Note 8 – Loans Payable and Secured Line of Credit

Corporate Credit Facility

In December 2019, we entered into our Corporate Credit Facility, or CCF, a multiple draw credit agreement aggregating $70.0 million.  Prior to the Recapitalization Transactions, the CCF was scheduled to mature on December 19, 2024, subject to extensions until December 19, 2025 and June 19, 2026, respectively, under certain circumstances.

In connection with the Recapitalization Transactions, the Company entered into a Borrower Assignment and Assumption Agreement (the “Borrower Assignment and Assumption Agreement”), pursuant to which the Company assigned all of its rights, interests, duties, obligations and liabilities in, to and under the CCF, and each other document and instrument related to the CCF, to TPHGreenwich.  As of February 14, 2024, the CCF had an outstanding balance of $52.8 million, including approximately $11.3 million of accrued interest and excluding unamortized deferred finance fees of approximately $170,000.

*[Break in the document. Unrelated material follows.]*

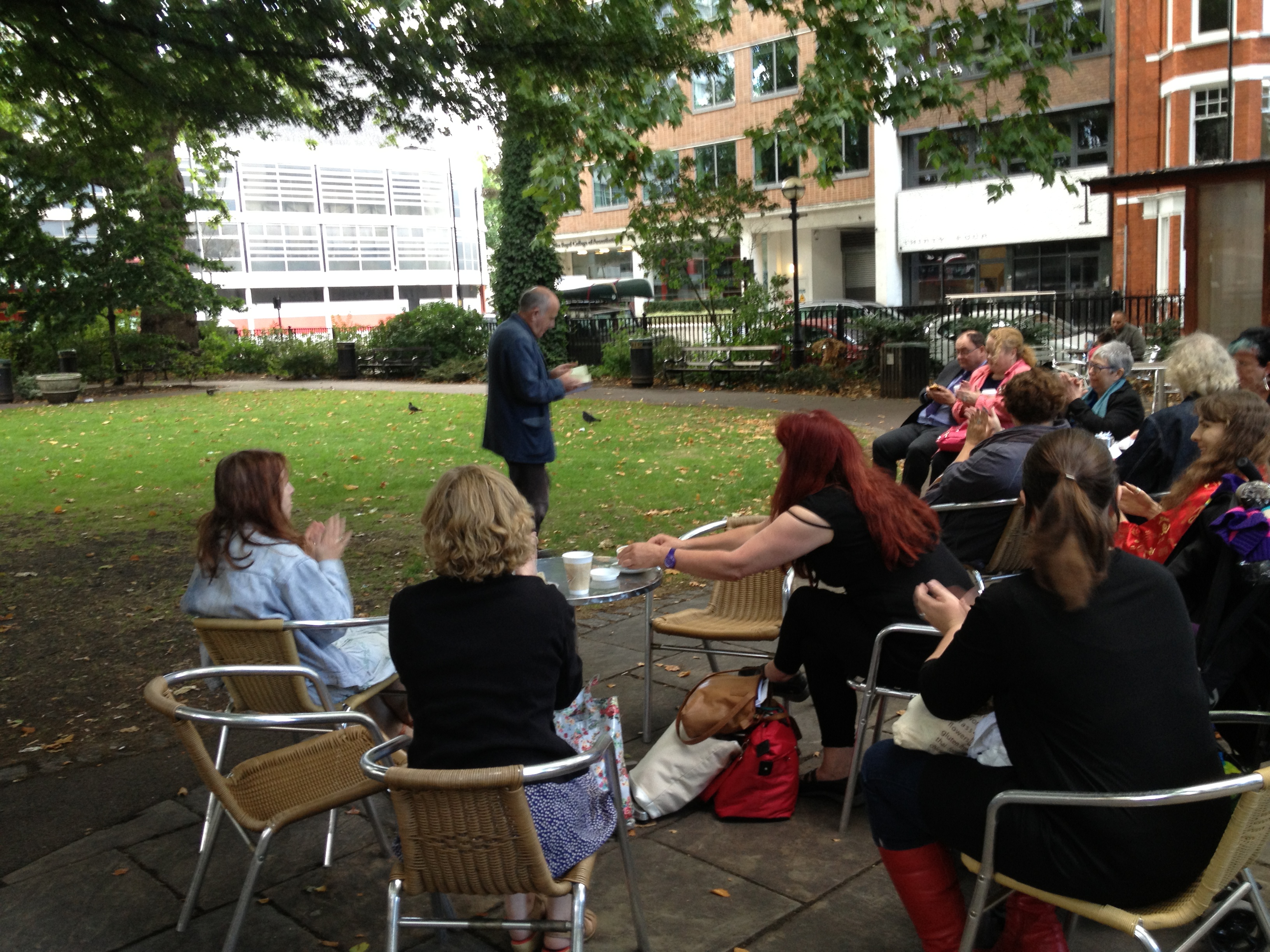 There are pictures on the Poetry Book Fair site of the rows of poetry book stalls and of some of the readers., proving that poetry publishing is lively, healthy and diverse. The photo above is one that Charles Boyle might not have known about; there was a Book Fair Fringe going on, in the cafe in Red Lion Square, just outside the venue. This is Nicholas Murray, reading from his collection from Melos; “Of Earth, Water, Air and Fire – animal poems”.

In addition, in connection with the Recapitalization Transactions, TPHGreenwich entered into an amended and restated credit agreement, among TPHGreenwich, as borrower, certain subsidiaries of TPHGreenwich party thereto, as guarantors, the Company Investor, as lender and Mount Street US (Georgia) LLP (“Mount Street”), as administrative agent (the “Amended CCF”), pursuant to which the CCF was amended and restated in its entirety in order to, among other things, (i) release certain subsidiaries of the Company that were guarantors under the CCF from their guarantee obligations thereunder, (ii) extend the maturity date to June 30, 2026, and (iii) cause TPHGreenwich to incur an advance of $272,609.  The Amended CCF bears interest at a rate per annum equal to (i) an all PIK interest rate equal to 10.325% per annum, or (ii) at TPHGreenwich’s election, a cash pay interest rate of 4.875% per annum and a PIK interest rate of 5.45% per annum.  In connection with the Borrower Assignment and Assumption Agreement, the Company also entered into a holdco pledge agreement, pursuant to which the Company agreed to pledge all of its membership interests in TPHGreenwich to Mount Street.

Loans Payable

77G Mortgage Loan

In October 2021, TPHGreenwich Owner LLC, the subsidiary that owns 77 Greenwich (the “77G Mortgage Borrower”) entered into a loan agreement with Macquarie PF Inc., a part of Macquarie Capital, the advisory, capital markets and principal investment arm of Macquarie Group, as lender and administrative agent (the “77G Mortgage Lender”), pursuant to which 77G Mortgage Lender agreed to extend credit to Mortgage Borrower in the amount of up to $166.7 million, subject to the satisfaction of certain conditions (the “77G Mortgage Loan Agreement”).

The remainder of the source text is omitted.